Adding more nodes in a custom Layer

I have a custom layer. If there are n inputs, I want 2n outputs. The 2nd “n” outputs will be set programatically in the custom layer’s call function, according to specific values in the first n outputs. For example:

If there are 10 inputs, then this layer will have 20 outputs, so for x=0 to 9, output[x+10] = f(output[x])

My issue is that I can’t seem to change the output tensor’s dimensions. Will someone throw me a bone?

def call(self, inputs):

    batch_size = inputs.shape[0]

    # "Call" is being called on compile, I think, so batch_size is None. I'll figure that out later
    if not batch_size:
        batch_size = 1

    # Make as many one-hot nodes as there are inputs, as each input will receive a categorization
    one_hot_size = self.units

    # This is what I'd like to merge to each input.  Layer on, I'd update these values
    c = tf.constant([0.0] * (one_hot_size * batch_size), shape=(batch_size, one_hot_size))

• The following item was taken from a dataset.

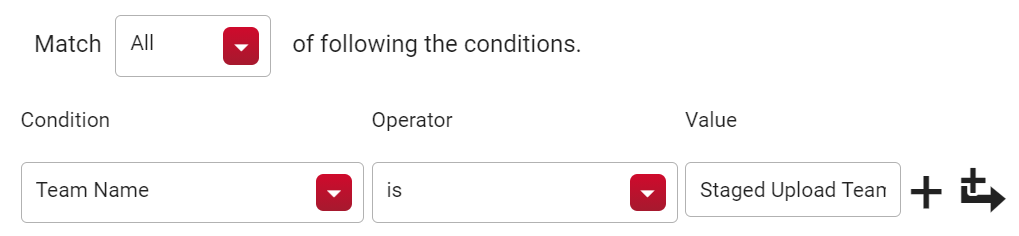 In the Conditions section, specify criteria that apply to all recordings captured by the PCs of all agents who will use staged upload.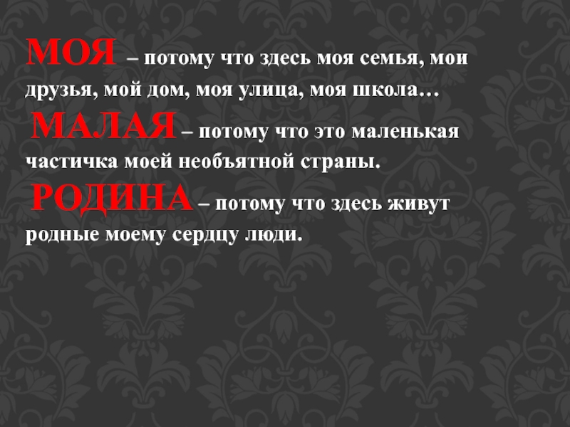 МОЯ – потому что здесь моя семья, мои друзья, мой дом, моя улица, моя школа… МАЛАЯ –

    # Perform the basic NN operation
    base_out = tf.tensordot(inputs, self.weight, axes = 1) + self.bias

    # Now attempt to merge the base_out tensor and the c tensor.
    result = tf.concat((base_out, c), 1)

    return result

I get this error:

InvalidArgumentError: Shape must be rank 1 but is rank 2 for ‘{{node unpack_and__categorize_109/concat}} = ConcatV2[N=2, T=DT_FLOAT, Tidx=DT_INT32](unpack_and__categorize_109/add, unpack_and__categorize_109/Const, unpack_and__categorize_109/concat/axis)’ with input shapes: [10], [1,10], [].

I understand the words well enough but I have looked at this so long that I can’t see anything anymore. I suspect my entire approach is wrong.